The real challenges ahead
Growth on paper does not build itself. Several genuine hurdles could slow the expansion of Pakistan data centre capacity.
- Power reliability: Grid instability combined with high electricity tariffs raises operating costs and forces significant investment in backup power systems.
- Skilled workers: A shortage of trained professionals and limited awareness among small businesses about the benefits of colocation services act as barriers to faster market growth.
- Water use: Large data centres need water for cooling. In a country facing water stress, this is a genuine public concern that operators will need to address with efficient closed-loop cooling designs.
- Regulation: The Pakistan Telecommunication Authority (PTA) introduced data centre regulations aimed at facilitating and regulating the establishment of facilities in the country. Clear, stable rules will matter as more foreign capital arrives.
Why this matters for Pakistan’s digital economy
A data centre is not just a building full of servers. It is the physical foundation for every digital service a business or government runs, from online banking and e-commerce to AI apps and cloud storage. When that compute happens inside Pakistan, data stays local, speeds go up, and money stays in the country instead of flowing to overseas providers.
If domestic infrastructure lags, Pakistan could end up importing billions of dollars of computing capacity and data services. The current investment wave is an attempt to stop that from happening.
For more context on how Pakistan’s broader digital economy is growing, see how Pakistan’s digital payments topped Rs 168.8 trillion in a single quarter, a sign of the data and compute demand that lies behind everyday transactions.
On the supply side, dedicated 2,000 MW of surplus power, redundant CPEC fibre routes, and low land costs make Pakistan a strategic option for serving the wider South Asia region. That pitch is already attracting hyperscale interest from global cloud providers who want to cut latency for South Asian customers. You can learn more about Pakistan data centre market forecasts from Mordor Intelligence for deeper analysis.
Frequently Asked Questions
What is Pakistan’s current data centre capacity?
Pakistan’s installed IT load stands at 23.53 MW in 2025 and is projected to reach 53.30 MW by 2030. That represents a more than 100% increase over five years.
Which cities have the most data centres in Pakistan?

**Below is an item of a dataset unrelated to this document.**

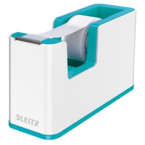 Ragasztószalag-adagoló, asztali, feltöltött, LEITZ Wow, fehér-jégkék (E53641051) - szembetűnő, prémium minőségű, kettős színhatású Leitz ragasztószalag - adagoló fényes felülettel - tökéletesen illik a Leitz WOW termékcsalád többi termékéhez - moder

Pakistan’s 22 data centres are split across three main markets: Lahore, Karachi, and Islamabad. Karachi leads due to its port connectivity and submarine cable links, while Islamabad is now the fastest-growing hub driven by federal government workloads.
What is a Tier III data centre?
A Tier III data centre is a standard defined by the Uptime Institute. It means the facility has enough backup power and cooling to stay online during planned maintenance. It offers at least 99.982% uptime per year. Most new Pakistani facilities being announced target this level.
What is the biggest risk to Pakistan’s data centre growth?
Grid instability combined with high electricity tariffs raises operating costs and makes heavy investment in backup power systems necessary. Alongside this, a shortage of trained data centre engineers and the water needs of large cooling systems are practical challenges operators must plan for.